The researchers note that the botnet is particularly dangerous as it integrates an advanced stealth protection module that aims to hide the threat from security software and analysis. Such techniques are also bundled in advanced ransomware samples where the infection engine looks out for any sandbox or debugging environments, virtual machines and anti-virus products. They can be either disabled or removed. The viruses can also be instructed into deleting themselves if they are unable to bypass the security protection. Such steps can also be integrated in the JenX botnet via script commands. The hackers were found to distribute copies of the JenX compatible with MIPS, ARM and X86 which are the most popular platforms.

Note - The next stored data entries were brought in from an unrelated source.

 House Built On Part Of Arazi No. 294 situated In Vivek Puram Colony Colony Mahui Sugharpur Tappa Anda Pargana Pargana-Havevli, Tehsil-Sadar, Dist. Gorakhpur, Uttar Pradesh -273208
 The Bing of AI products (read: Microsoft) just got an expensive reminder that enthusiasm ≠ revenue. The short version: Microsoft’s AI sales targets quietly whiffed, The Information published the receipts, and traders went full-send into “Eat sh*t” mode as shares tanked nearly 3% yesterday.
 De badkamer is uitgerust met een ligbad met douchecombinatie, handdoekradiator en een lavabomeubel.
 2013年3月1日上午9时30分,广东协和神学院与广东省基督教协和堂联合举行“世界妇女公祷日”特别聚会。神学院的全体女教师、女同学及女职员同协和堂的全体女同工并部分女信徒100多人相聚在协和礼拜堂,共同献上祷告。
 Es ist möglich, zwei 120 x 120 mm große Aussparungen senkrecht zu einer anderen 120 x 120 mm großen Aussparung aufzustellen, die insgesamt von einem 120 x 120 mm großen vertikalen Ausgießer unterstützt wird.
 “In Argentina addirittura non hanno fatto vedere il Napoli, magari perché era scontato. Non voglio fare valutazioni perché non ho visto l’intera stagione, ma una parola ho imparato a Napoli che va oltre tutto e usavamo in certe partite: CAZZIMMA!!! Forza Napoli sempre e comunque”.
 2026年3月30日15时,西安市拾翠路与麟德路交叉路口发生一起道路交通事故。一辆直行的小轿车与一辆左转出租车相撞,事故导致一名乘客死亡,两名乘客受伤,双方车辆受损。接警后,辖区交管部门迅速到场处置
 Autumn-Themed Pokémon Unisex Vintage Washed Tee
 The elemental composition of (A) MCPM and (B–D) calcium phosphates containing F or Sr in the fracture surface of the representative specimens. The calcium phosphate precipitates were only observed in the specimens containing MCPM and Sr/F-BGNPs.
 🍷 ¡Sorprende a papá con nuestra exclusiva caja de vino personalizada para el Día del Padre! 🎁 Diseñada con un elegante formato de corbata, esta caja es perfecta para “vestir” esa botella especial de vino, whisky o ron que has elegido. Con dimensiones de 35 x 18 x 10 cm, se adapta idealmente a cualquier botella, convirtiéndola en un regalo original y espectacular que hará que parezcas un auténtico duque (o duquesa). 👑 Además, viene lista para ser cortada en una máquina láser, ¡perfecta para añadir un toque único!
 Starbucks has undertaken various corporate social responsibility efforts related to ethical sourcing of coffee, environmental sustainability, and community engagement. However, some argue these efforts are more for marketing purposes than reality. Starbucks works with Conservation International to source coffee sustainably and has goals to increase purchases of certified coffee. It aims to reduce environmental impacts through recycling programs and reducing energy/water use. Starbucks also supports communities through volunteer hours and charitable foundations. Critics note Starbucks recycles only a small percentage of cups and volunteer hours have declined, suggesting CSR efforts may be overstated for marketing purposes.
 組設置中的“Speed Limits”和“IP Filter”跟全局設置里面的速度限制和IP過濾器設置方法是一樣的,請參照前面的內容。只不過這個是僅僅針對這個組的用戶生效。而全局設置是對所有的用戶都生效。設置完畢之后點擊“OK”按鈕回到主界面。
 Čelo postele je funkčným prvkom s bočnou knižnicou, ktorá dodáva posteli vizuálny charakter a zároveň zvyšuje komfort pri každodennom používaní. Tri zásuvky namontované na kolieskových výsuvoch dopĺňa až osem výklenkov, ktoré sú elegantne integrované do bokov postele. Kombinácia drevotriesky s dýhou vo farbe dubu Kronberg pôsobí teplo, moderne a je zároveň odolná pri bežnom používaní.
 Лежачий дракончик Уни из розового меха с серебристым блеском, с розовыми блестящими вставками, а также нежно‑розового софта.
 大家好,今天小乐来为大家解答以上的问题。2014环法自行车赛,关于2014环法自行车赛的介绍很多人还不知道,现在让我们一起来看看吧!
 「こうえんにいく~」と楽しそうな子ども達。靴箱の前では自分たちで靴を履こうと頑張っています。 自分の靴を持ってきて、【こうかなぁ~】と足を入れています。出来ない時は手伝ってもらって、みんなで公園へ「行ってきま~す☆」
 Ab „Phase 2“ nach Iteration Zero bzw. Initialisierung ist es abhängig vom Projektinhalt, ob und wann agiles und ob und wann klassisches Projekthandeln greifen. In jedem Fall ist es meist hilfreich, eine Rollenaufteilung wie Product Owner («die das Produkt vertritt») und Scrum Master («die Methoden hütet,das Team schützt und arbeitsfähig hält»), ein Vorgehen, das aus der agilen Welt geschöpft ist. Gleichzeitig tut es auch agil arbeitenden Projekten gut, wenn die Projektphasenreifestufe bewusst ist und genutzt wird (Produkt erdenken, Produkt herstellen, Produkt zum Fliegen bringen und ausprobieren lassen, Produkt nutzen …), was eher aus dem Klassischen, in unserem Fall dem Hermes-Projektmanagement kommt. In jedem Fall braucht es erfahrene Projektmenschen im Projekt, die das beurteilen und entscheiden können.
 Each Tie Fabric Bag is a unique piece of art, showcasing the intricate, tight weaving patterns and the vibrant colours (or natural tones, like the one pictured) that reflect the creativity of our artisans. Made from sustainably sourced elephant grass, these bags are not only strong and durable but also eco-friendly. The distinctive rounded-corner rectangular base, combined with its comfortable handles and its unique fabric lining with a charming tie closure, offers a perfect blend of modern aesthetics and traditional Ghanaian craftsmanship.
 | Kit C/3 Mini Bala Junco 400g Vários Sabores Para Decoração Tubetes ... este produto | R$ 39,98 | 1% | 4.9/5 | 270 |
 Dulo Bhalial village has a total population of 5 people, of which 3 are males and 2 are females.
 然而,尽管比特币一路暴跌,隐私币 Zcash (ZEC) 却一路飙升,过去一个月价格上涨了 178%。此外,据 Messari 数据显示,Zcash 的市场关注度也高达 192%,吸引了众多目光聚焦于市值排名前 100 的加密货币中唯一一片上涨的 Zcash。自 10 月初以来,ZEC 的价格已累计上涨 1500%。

The hacker operators seek to silently infiltrate both commercial servers and private ones. Its interesting to note that that the wide audience support seems like an important factor to consider. The criminal community behind the attacks seem to utilize a centralized server which acts as the primary malware platform. The experts load the vulnerabilities along with other custom scripts to execute the follow-up stages of infections.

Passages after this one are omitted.